ASSIGNMENT
Leaving out all pictures, give again each line exactly, from the start of the listing through the line that contains "Figure 1. CT".

"""

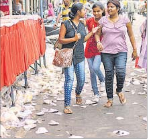
It was difficult to commute on the roads due to littering.
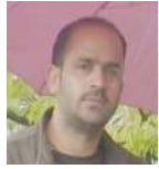
By M S Nazki

Remember the date 22/03/2023 and that is the day of the first Navratra!
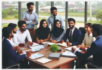
INVENTORY & MATERIAL MANAGEMENT
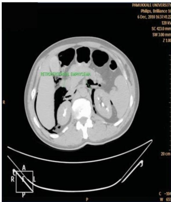
Figure 1. CT demonstrate retroperitoneal free air.

Physical examination revealed emphysema in the neck and chest, patient's voice was changed, his face was swollen and had abdominal distention and discomfort without tenderness and signs of peritonitis. White blood cell (WBC) count was 7000/ml. Upright plain abdominal and chest X-ray films were normal. Contrast computed tomography (CT) (with both oral and rectal routes) examination revealed large amount of air in the retroperitoneal space but no signs of peritoneal perforation and substantial retroperitoneal perforation (Fig.1).
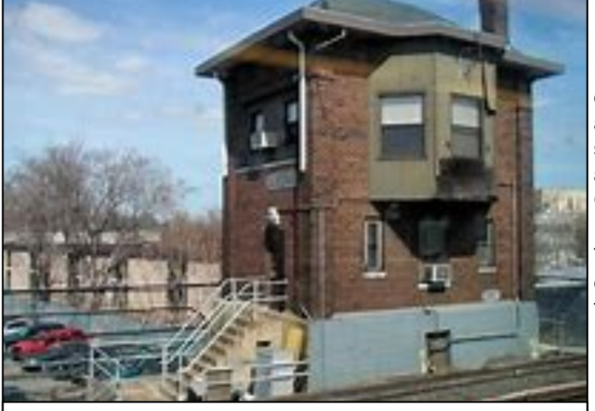
Queens Tower

The LIRR proposal to eliminate on board cash transactions for the purchase of tickets has been temporarily shelved. More on this next month.
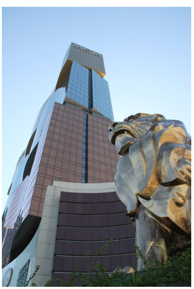
• MGM, Macau
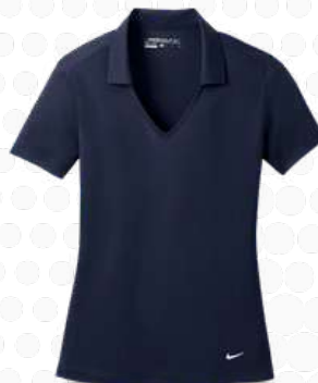
VERTICAL MESH LADIES MESH POLO
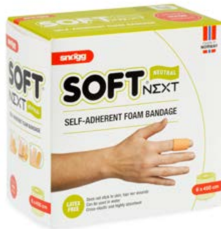
Soft NEXT Neutral 6 x 450 cm
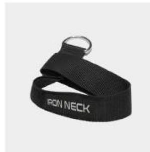
EZ Cinch Anchor SKU: ANCHOR
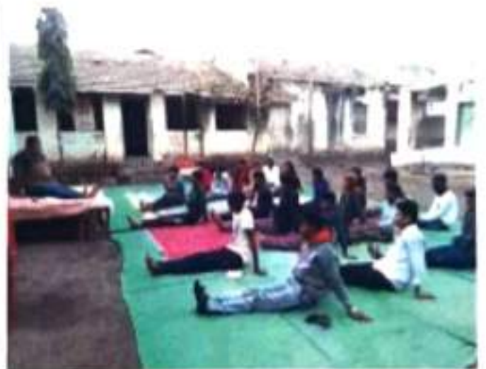
2017 Yoga day at MNG science college
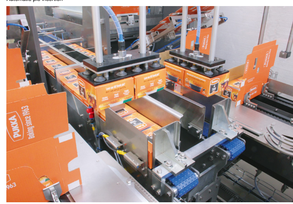
Dual 'back to back' pick and place robots
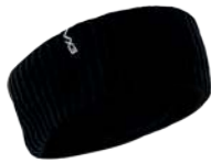
Knitted Headband Black Code: TRUC02
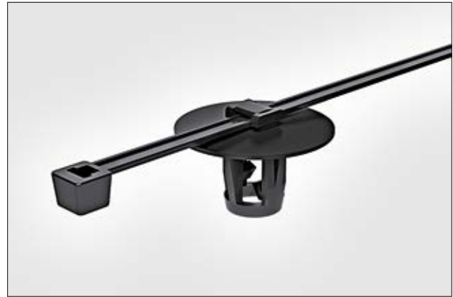
Two Piece Fixing Tie T50RSBH5SD for weld studs.
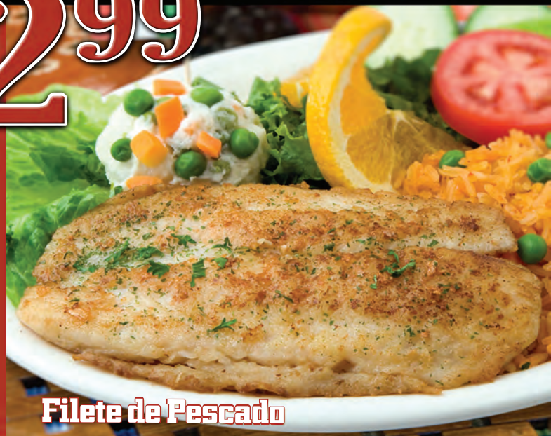
Filete de Pescado
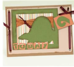
"6 Today" Card
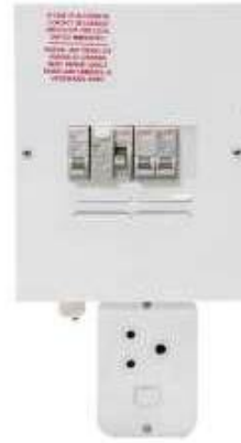
E41 Single Phase DB
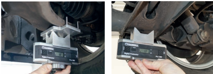
Application examples (measuring adapter ③ and crown adapter ①)
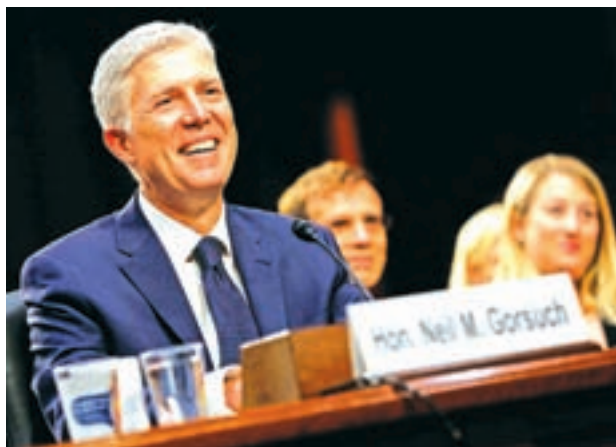
Neil Gorsuch.

The only surprise stumble in the effort came when Trump attacked judges who blocked his order banning US entry by people from certain Muslim-majority countries. Gorsuch distanced himself from the president's Twitter messages.
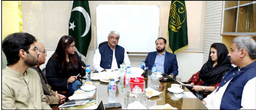
LAHORE: Provincial Ministers Khawaja Salman Rafique and Khawaja Imran Nazeer preside over the meeting of Nutrition Board at PMU.
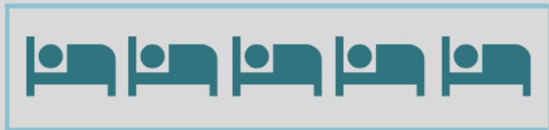
Beds + Units
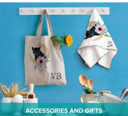
ACCESSORIES AND GIFTS
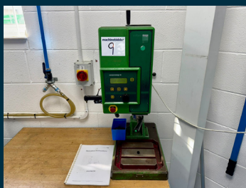
Lot 9: MICROTAP G2 Tapping Machine
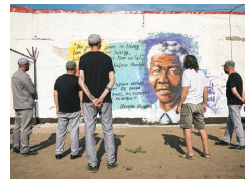
Embedding the Nelson Mandela Rules, Kazakhstan
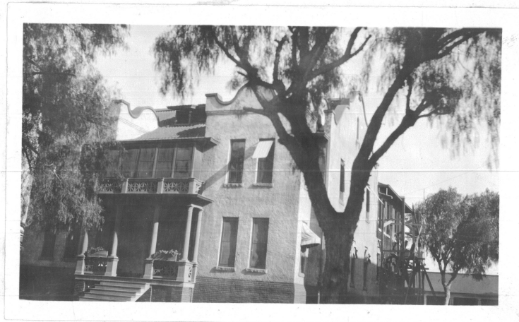
Girls Industrial Building. Notice annex and remodeling work being done by students.
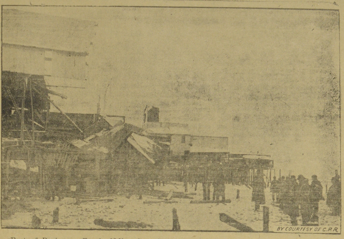
Part of Rockaway Beach, N.Y., after the great storm which smashed four kotels and several iron piers, doing about $2,000,000 damage.

Cholly-I feel like a fool tonight. Miss Keen-So glad you've recov-
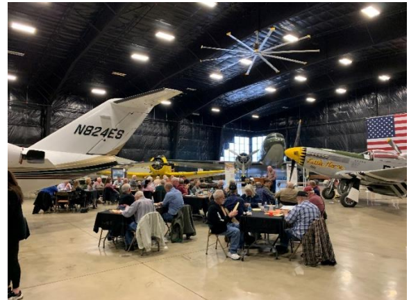
Above: Museum members attending the annual meeting.
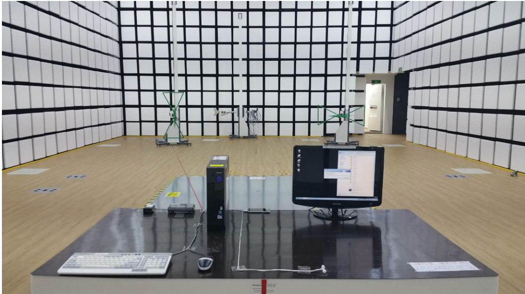
[ Radiated Disturbance for Below 1 GHz – Front ]
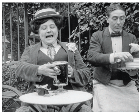
Top: Laughing Gas (1907). Bottom: The Dranems (1912).

striking women are played by poorly disguised men who move around as a delirious mob. As Hennefeld notes in her blurb on the film, despite its ostensible “travesty of working women’s activism, it survives today as an empowering document.”
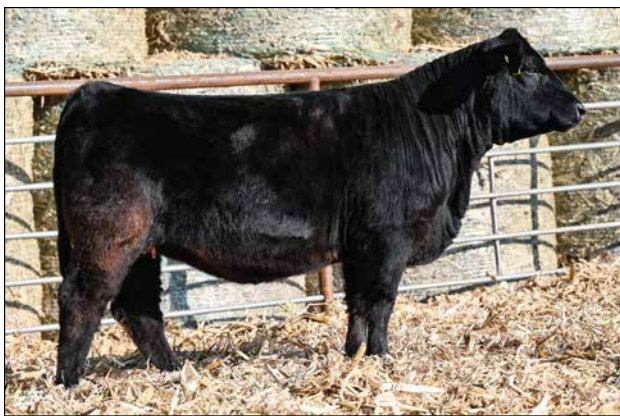
L62 Sells as Lot 63.

AI bred to LF Laser (4350261). Safe to calve 5/15/2025. Nice broody female bred to Laser.
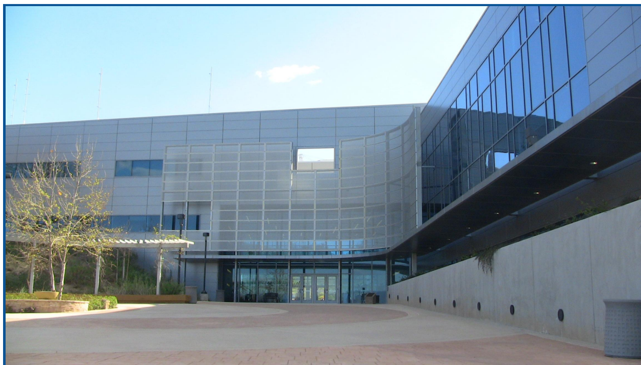
University Center Entrance
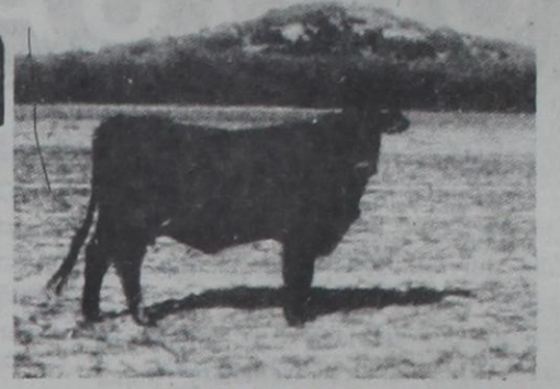
EAST CADDO PEAK Price 50¢
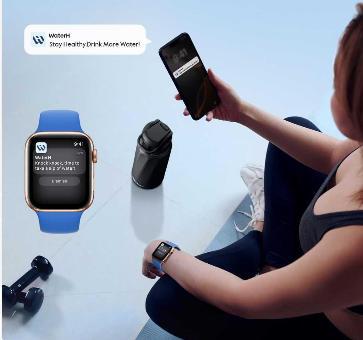
Image: Personalized hydration reminders displayed on a smartphone and smartwatch, integrated with the WATERH BOOST Smart Water Bottle.

Avoid Dehydration Based on Your Habits & Needs
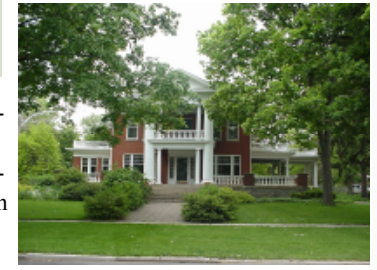
Historic Home in St. Johns

Residential - The City of St. Johns features many different types of residential living, from new subdivisions to historic older homes. There are a number of apartment and condominium developments offering a variety of amenities. Local homebuilders are ready to serve your construction needs, as well as landscape, design firms and businesses that specialize in home improvements and home furnishings.
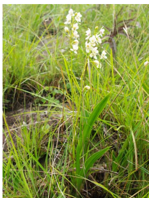
28 Koellensteinia tricolor
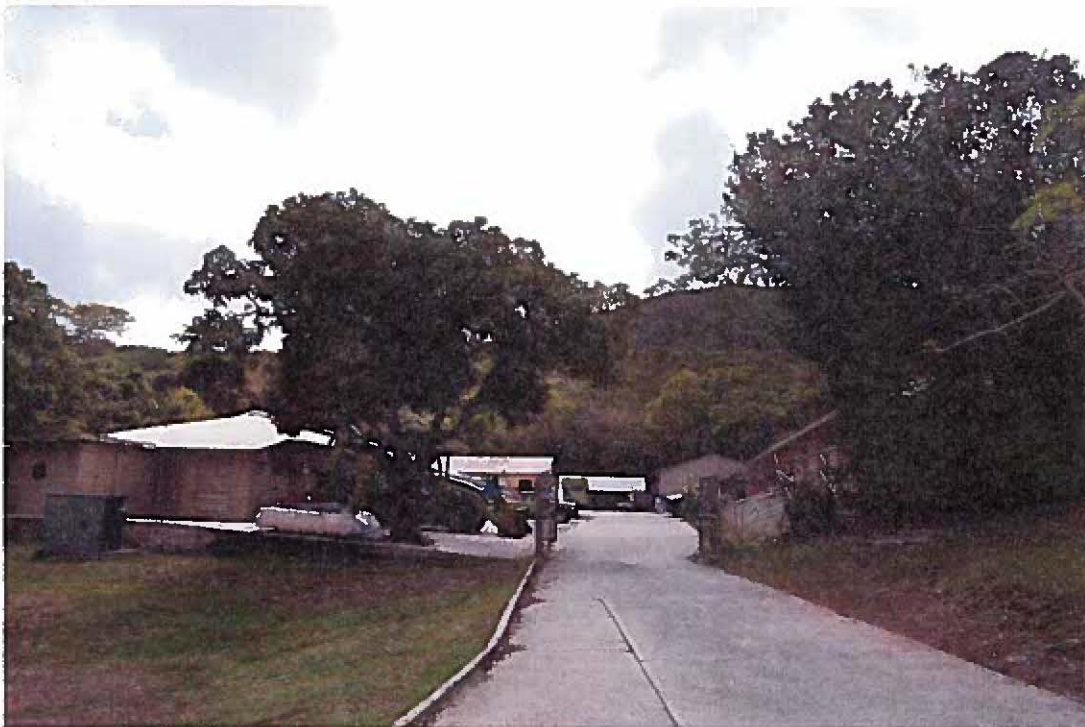
Photo 22: View of the courtyard created by Carpenter Shop, Engineering Warehouse, Motor Pool, Engineering Storage, and Facilities Office, Photo by TJC.

"""

FINISHED TASK
It was difficult to commute on the roads due to littering.
By M S Nazki

Remember the date 22/03/2023 and that is the day of the first Navratra!
INVENTORY & MATERIAL MANAGEMENT
Figure 1. CT demonstrate retroperitoneal free air.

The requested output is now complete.